The House Energy and Commerce Subcommittee on Health May 14 approved the 21st Century Cures Act by unanimous voice vote. The subcommittee approved a bipartisan amendment in the nature of a substitute released the day before the mark-up by full committee chair Fred Upton (R-Mich.), Oversight and Investigation Subcommittee ranking member Diana DeGette (D-Colo.), full committee ranking member Frank Pallone (D-N.J.) , Health Subcommittee chair Joe Pitts (R-Pa.), and Health Subcommittee ranking member Gene Green (D-Texas).
In opening statements, subcommittee members generally praised the bill and the bipartisan effort behind it, but cautioned it is still very much a work in progress.
Chairman Pitts called the bill “the culmination of a concerted effort and hard work,” but added, “There is much in this bill to be proud of and enthusiastic about and even optimistic for, but I also realize we still have more work to do and improvements to make.” Chairman Upton added, “This subcommittee mark-up is just the first step. We have a number of steps to go.”
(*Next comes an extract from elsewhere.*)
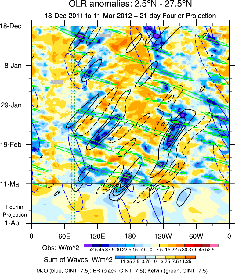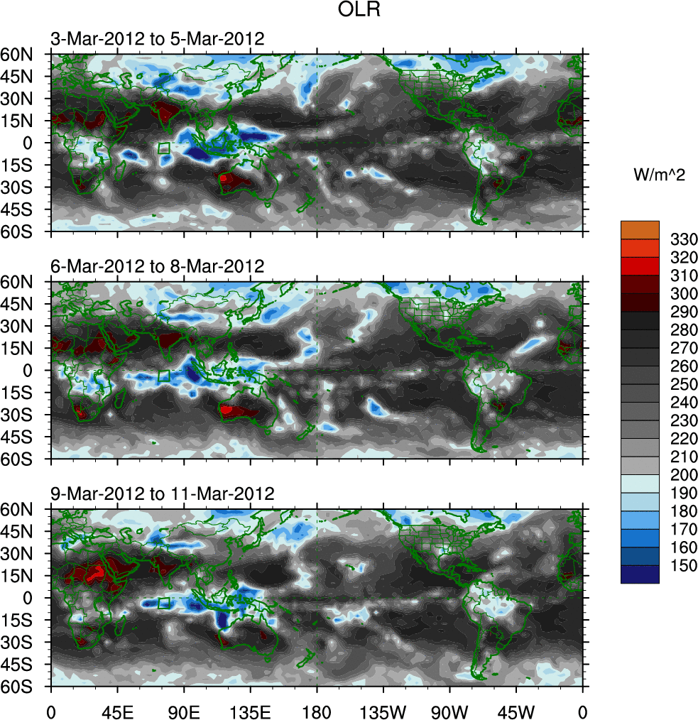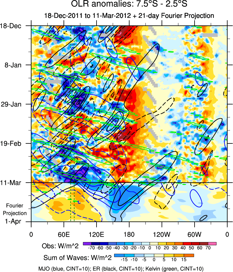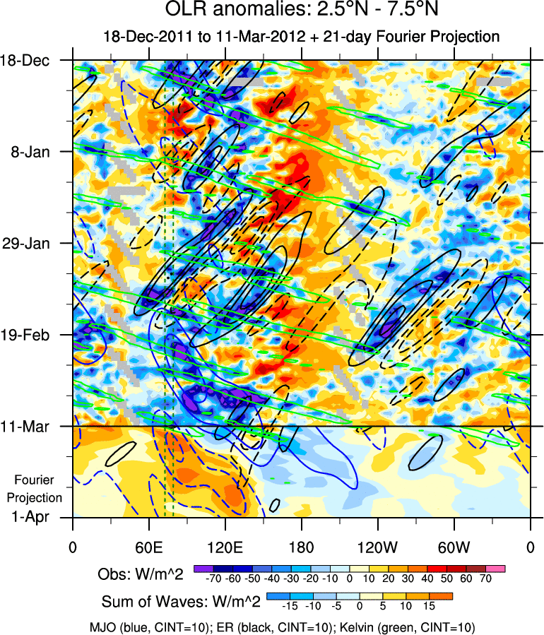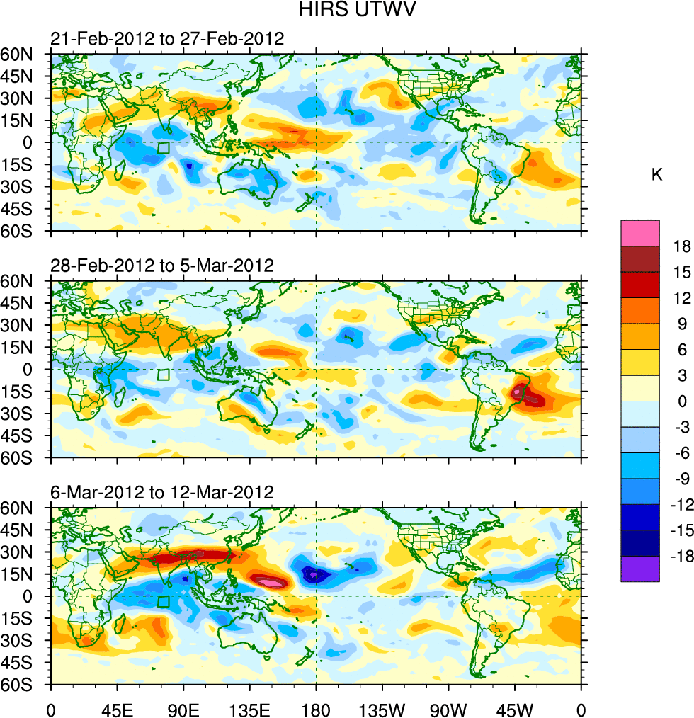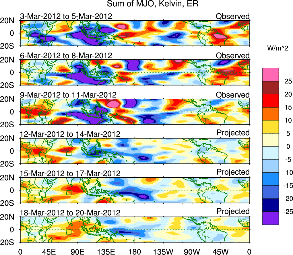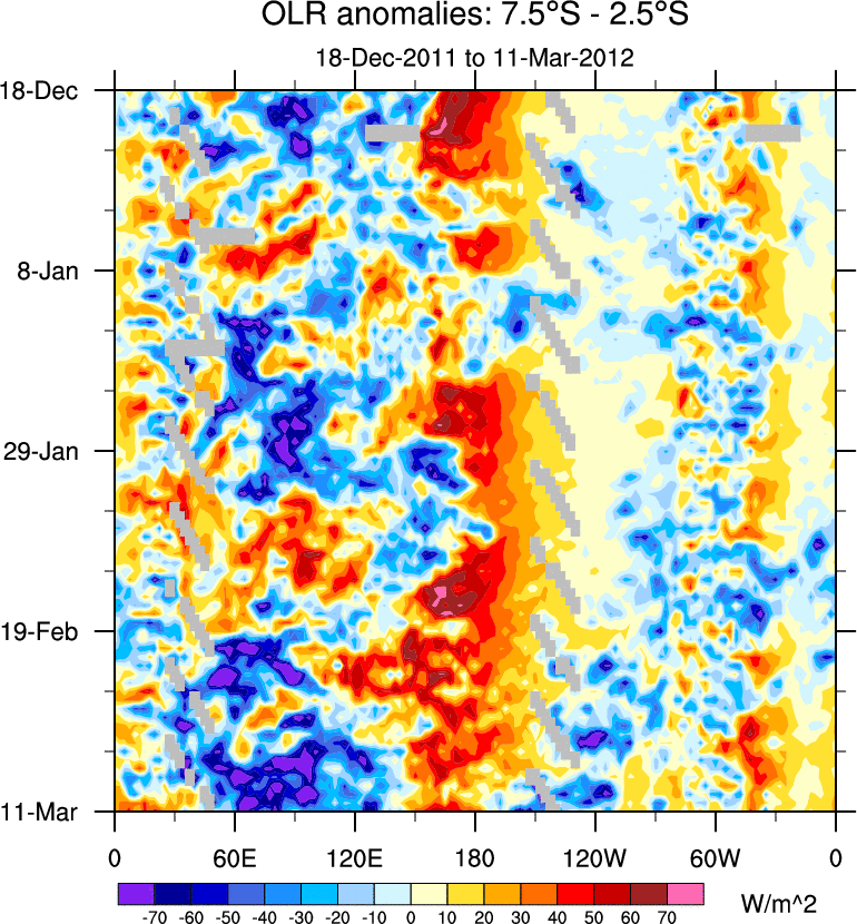 To identify tropical waves in near real-time, the OLR and UTWV data are filtered following Wheeler & Weickmann (2001 MWR). The daily anomalies are calculated using the first 3 harmonics of the seasonal cycle for 1979–2009. Missing values are then filled using linear interpolation in space and time. The most recent 365 days of anomalies are padded with 659 days of zeroes, and the result is filtered for each wave type.

Rep. Joe Barton (R-Texas), who chaired the Energy and Commerce panel when it last reauthorized the National Institutes of Health (NIH), noted the agency spends $6 billion on indirect costs and urged inclusion of language “to begin to reign in or reduce these costs.”
The 21st Century Cures Act would reauthorize the NIH for three years at the following levels:
- FY 2016 - $31.811 billion;
- FY 2017 - $33.331 billion; and
- FY 2018 - $34.851 billion.
The bill also authorizes a five-year, $10 billion NIH Innovation Fund, with $2 billion per year in mandatory appropriations routed through the NIH Director. The bill allocates the Innovation Fund for various purposes, including a new Accelerating Advancement Program, research awards tied to a specific project or objectives, research awards for innovative scientists and early stage investigators, high-risk high reward research, research awards to small businesses, and the NIH intramural program.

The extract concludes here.